[[ Stored data, beginning ]]
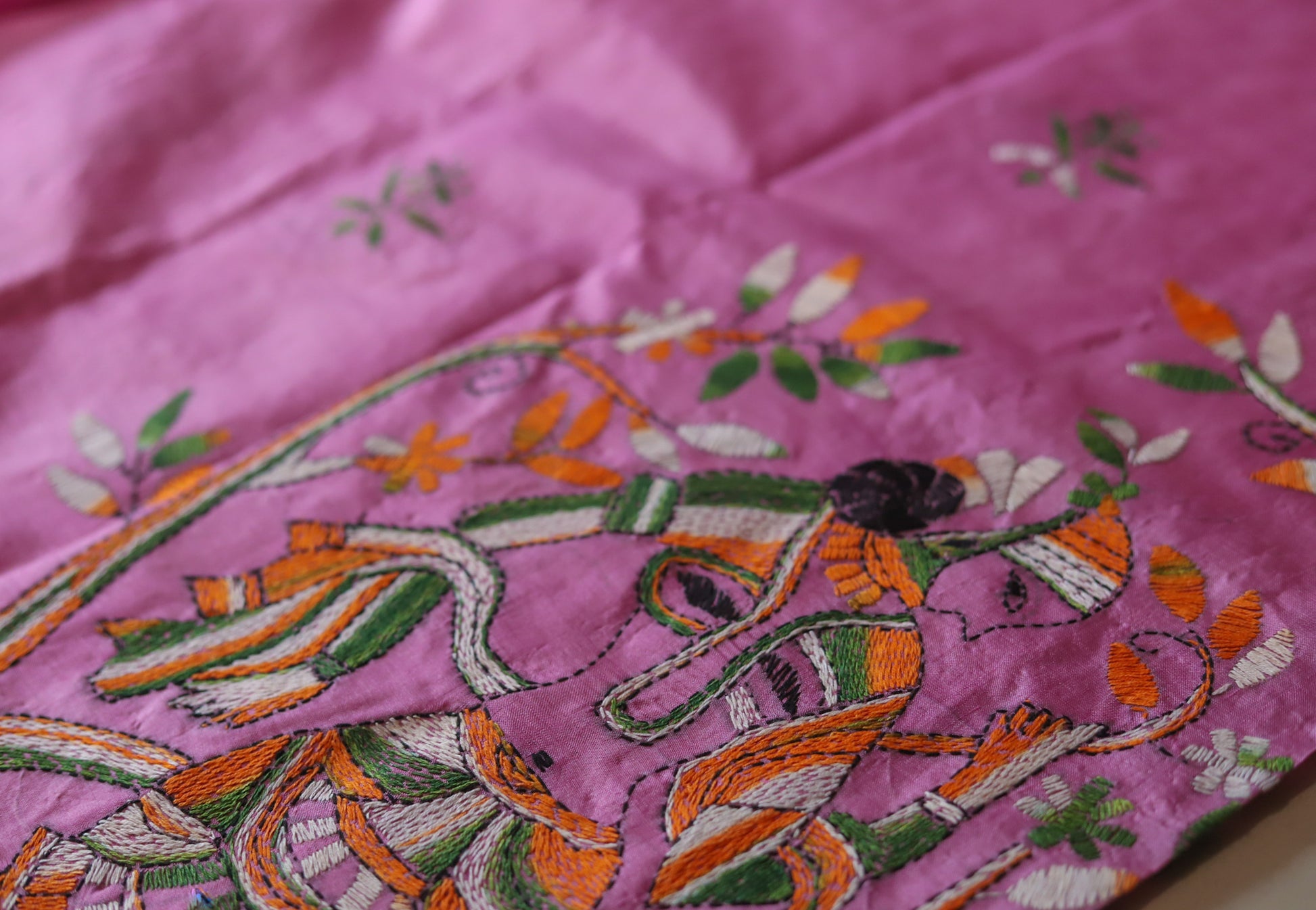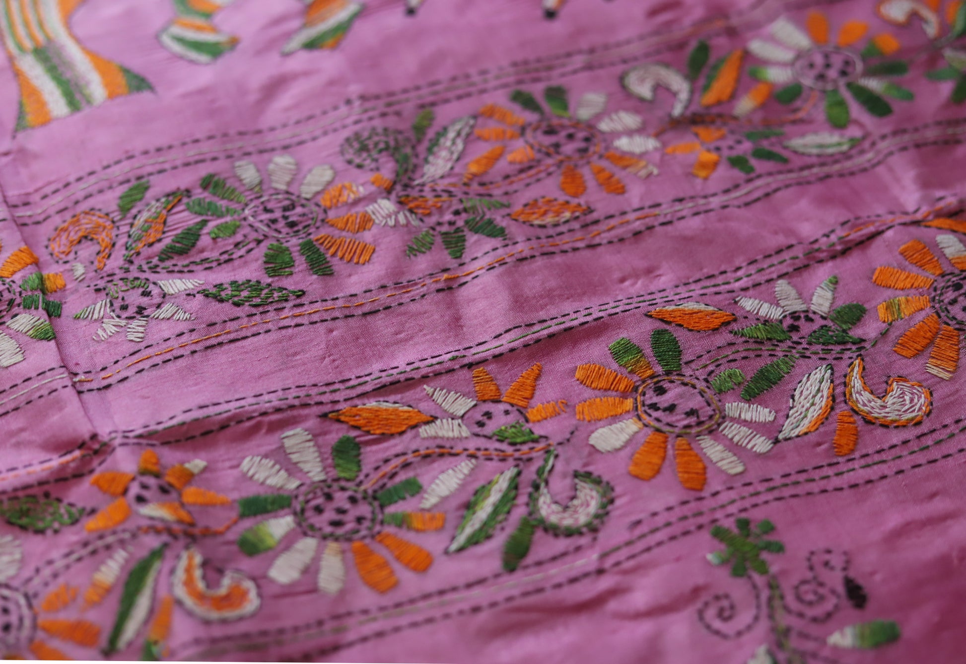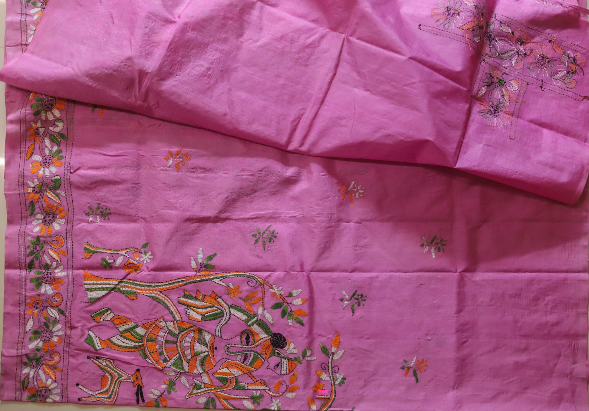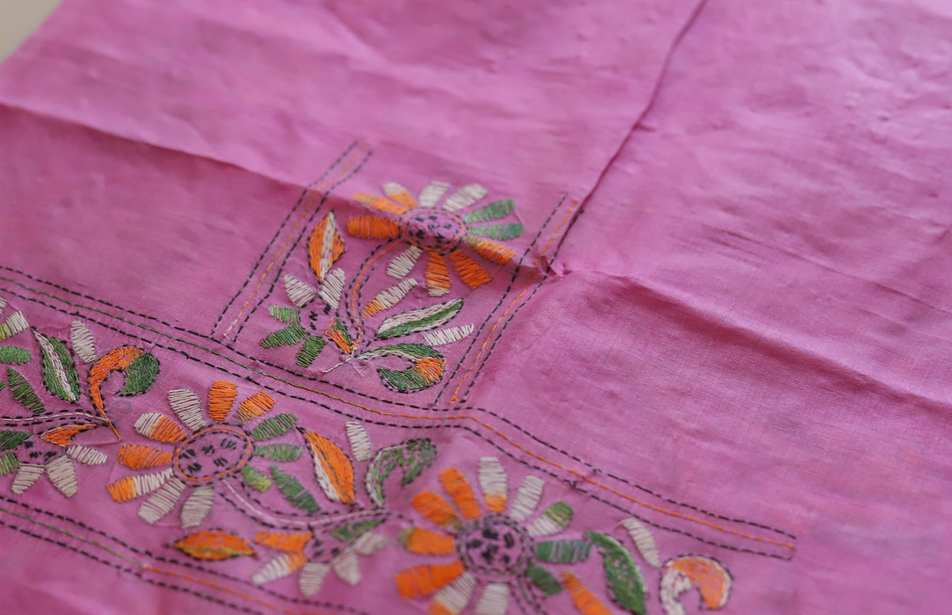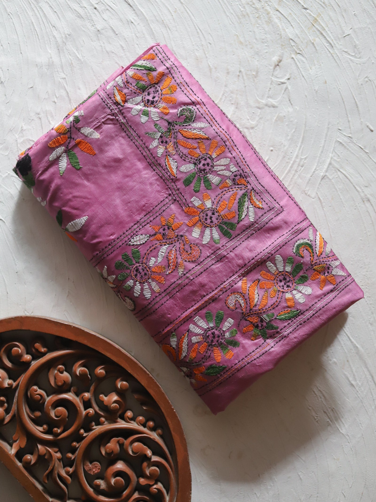 Bengal Hand Embroidery Kantha Stitch Silk Saree
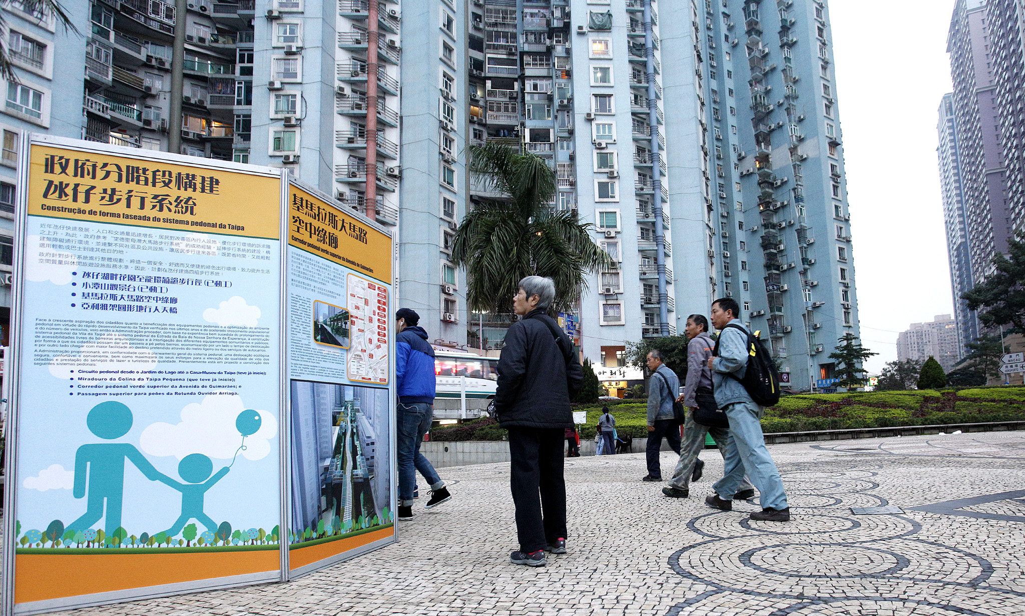 隨着近年氹仔的快速發展,人口和交通量迅速增長,居民對改善區內行人設施、優化步行環境的訴求隨之上升。為此,政府參考“望德聖母灣大馬路步行系統”的成功經驗,延伸步行系統的建設,並逐步落實早年規劃的氹仔四組步行系統計劃,當中氹仔湖畔花園至龍環葡韻步行徑和小潭山觀景台項目已相繼動工;基馬拉斯大馬路空中綠廊和亞利雅架圓形地行人天橋正在設計階段。
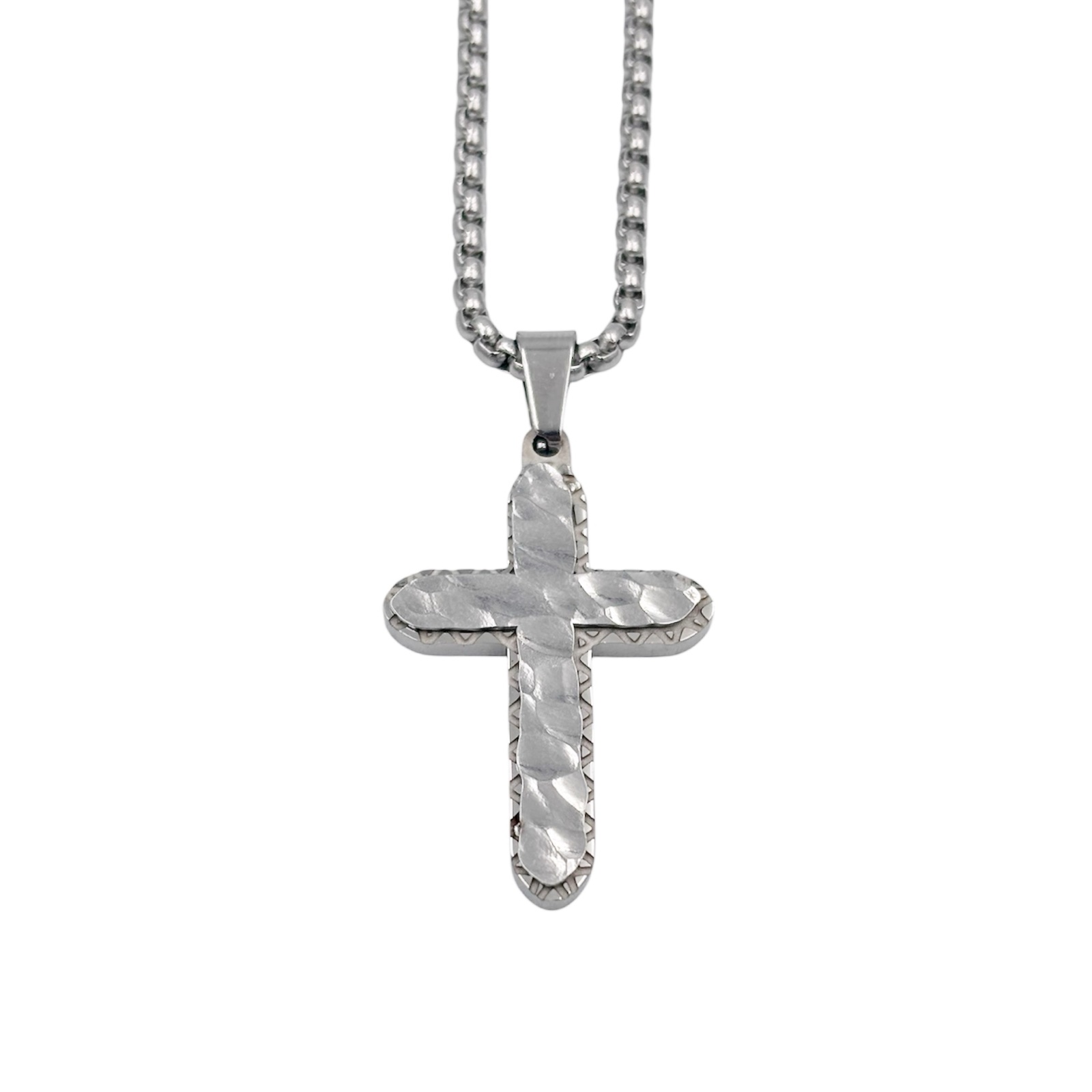 Ανακαλύψτε τη γοητεία του ακατέργαστου σχεδιασμού με αυτόν τον μοναδικό σφυρήλατο σταυρό. Η επιφάνειά του “παίζει” με το φως χάρη στις ανώμαλες, χειροποίητες εσοχές του, δίνοντας την αίσθηση ενός κοσμήματος με ιστορία .Με διπλό επίπεδο (double layer) με σφυρήλατη πρόσοψη και ανάγλυφες λεπτομέρειες στην περίμετρο της βάσης.
[[ Stored data, end ]]
A word-for-word repetition of the data above, without pictures, is the expected answer.

 Bengal Hand Embroidery Kantha Stitch Silk Saree
 隨着近年氹仔的快速發展,人口和交通量迅速增長,居民對改善區內行人設施、優化步行環境的訴求隨之上升。為此,政府參考“望德聖母灣大馬路步行系統”的成功經驗,延伸步行系統的建設,並逐步落實早年規劃的氹仔四組步行系統計劃,當中氹仔湖畔花園至龍環葡韻步行徑和小潭山觀景台項目已相繼動工;基馬拉斯大馬路空中綠廊和亞利雅架圓形地行人天橋正在設計階段。
 Ανακαλύψτε τη γοητεία του ακατέργαστου σχεδιασμού με αυτόν τον μοναδικό σφυρήλατο σταυρό. Η επιφάνειά του “παίζει” με το φως χάρη στις ανώμαλες, χειροποίητες εσοχές του, δίνοντας την αίσθηση ενός κοσμήματος με ιστορία .Με διπλό επίπεδο (double layer) με σφυρήλατη πρόσοψη και ανάγλυφες λεπτομέρειες στην περίμετρο της βάσης.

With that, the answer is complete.